Well, this was certainly a Starwolf carrier. Keflyn recognized that very typical manner well enough. Certainly well enough to know that she was facing a very perturbed and anti-social example of the species.

‘I am Keflyn, daughter of Velmeran, Commander of the Carrier Methryn and of the combined Starwolf fleet,” she offered, realizing that she was expected to make the first overtures. “This is Jon Addesin, Captain of the Free Trader Thermopylae.”

“What is a Starwolf?” the ship asked.

“Oh, my,” Keflyn muttered to herself, suddenly aware of the incredible antiquity of this ship. “Starwolves are those Kelvessan who still live on board the ships. There are still twenty-three carriers. We believe that we are in the final days of the war, although we have no idea how much longer the Union can hold out. From your point of view, it has to be just about over.”

“The Republic survives, and the Kelvessan are still fighting the war?” she asked, her camera pod dipping reflectively. “I had never expected that.”

The airlock door suddenly snapped open, the warm, bright light of the corridor beyond flooding out in welcome. Whatever this ship thought of her unexpected visitors, she had apparently decided to trust them enough to ask them in. Keflyn realized that the poor ship probably had no idea what to think, as long as she had been in isolation.

“I am Quendari Valcyr,” she introduced herself simply.

Keflyn stopped short, and turned abruptly to stare. “But the Valcyr was lost a very long time ago, in the earliest days of the Starwolves. You were the first jump ship.”
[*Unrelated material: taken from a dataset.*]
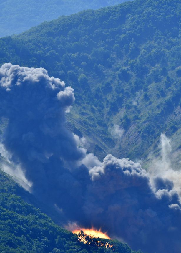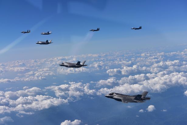 | Các chiến đấu cơ Mỹ và các máy bay ném bom Hàn Quốc đã thực hiện cuộc tận trận này chỉ 2 ngày sau khi Triều Tiên phóng tên lửa qua không phận Nhật Bản. |

“That is a very long story,” the ship said, drifting slowly forward to encourage them to enter the airlock. Keflyn suspected that she was unwilling to speak before Jon Addesin.

The airlock closed behind them. Addesin was enormously relieved to be out of the intense cold of the cavern, although his joy was short-lived when he discovered the pronounced chill inside the ship. Starwolves required a cool environment for comfort, and Quendari had dropped her internal temperature even more to save power and preserve her electronics against heat decay. Then, as the inner airlock door closed, he seemed to realize where he was. For the first time since Keflyn had met him, he appeared impressed and even just a bit frightened by Starwolves.

Keflyn found the corridors familiar so far, and headed toward the nearest lift. She assumed that Quendari would then direct the lift to whatever part of the ship she meant to keep her uninvited guests, probably to put Jon Addesin into safekeeping so that they could speak privately.